Still in the laboratory in testing and development, perovskite solar cells are showing promise with efficiency close to 30%. So far they are a low cost to produce as an alternative to silicon cells, but need to overcome other challenges, like handling moisture content for it to be competitive with existing panels. For more information, see

https://www.energy.gov/eere/solar/perovskite-solar-cells

Reverse Solar Panel

Researchers in Singapore have developed the concept of harvesting energy in the presence of shadows. They call it 'SEG' shadow-effect generator. So far created on a device, it gives an advantage over commercially available solar cells by operating in dark areas. Can this technology be used for the wider solar PV industry? Time will tell! See more details here.

 

Can you increase the efficiency of a solar panel?
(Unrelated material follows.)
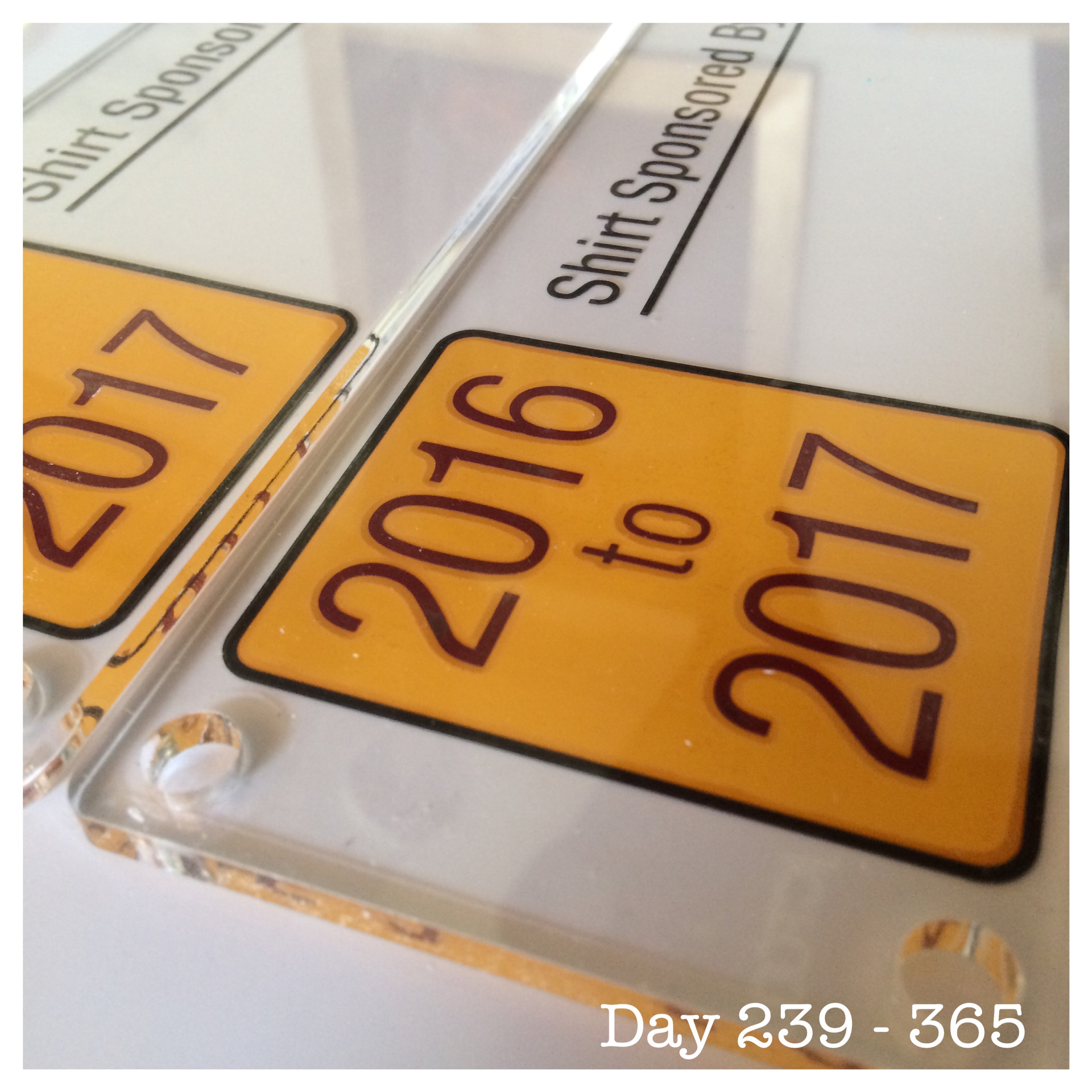 Last year I designed, produced and installed a series of graphic panels and “sponsor” plaques for a display of Bradford City shirts at Valley Parade. The shirts are all framed and there is one, where possible, for each season going back to the mid 1960s.

As briefly described above, and the strides taken within the industry being made daily, there isn't much you (as the home owner) can do to increase the efficiency of a solar panel beyond performing routine cleaning. Dust and debris, or snow, can affect the efficiency of panels.

How many solar panels will my home need?

Calculating the number of solar panels needed to power your home can be easily done with the expert assistance of solar installers or accredited designers.

 

The size of your home, the location of your home, the amount of power you typically use every month, and the rate charged by your energy retailer for electricity will all influence power production you will need from your solar array to save on your power bill.

 

Once you know the power output required and the environment where the solar panels will be installed, it is possible to work out the number of solar panels you need and how much solar panels will cost for your home.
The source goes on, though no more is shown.